#### [What to produce]
Output the listing exactly, without its pictures.

#### [Stored data]
#####

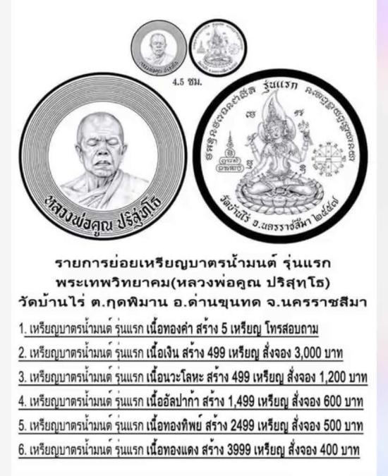 เคาะเดียวแดง ++++++++ เหรียญบาตรน้ำมนต์ รุ่นแรก หลวงพ่อคูณ |
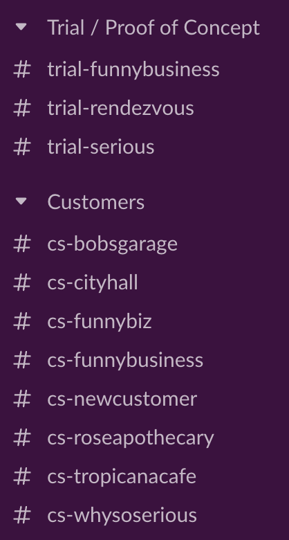 - To keep everything organized, create a section in your Slack that is dedicated for shared channels with prospects and customers. We call ours “Trial/Proof of Concept” and “Customers”.
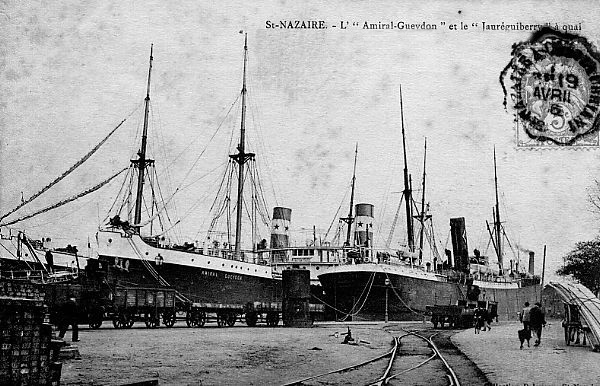 L'amiral Gueydon est à gauche, caractérisé par les deux étoiles rouge sur le bandeau blanc de sa cheminée (le corps principal de la cheminée étant entièrement rouge) , signe distinctif de la Compagnie des Chargeurs Réunis

#####

#### [Exercise response]
 เคาะเดียวแดง ++++++++ เหรียญบาตรน้ำมนต์ รุ่นแรก หลวงพ่อคูณ |
 - To keep everything organized, create a section in your Slack that is dedicated for shared channels with prospects and customers. We call ours “Trial/Proof of Concept” and “Customers”.
 L'amiral Gueydon est à gauche, caractérisé par les deux étoiles rouge sur le bandeau blanc de sa cheminée (le corps principal de la cheminée étant entièrement rouge) , signe distinctif de la Compagnie des Chargeurs Réunis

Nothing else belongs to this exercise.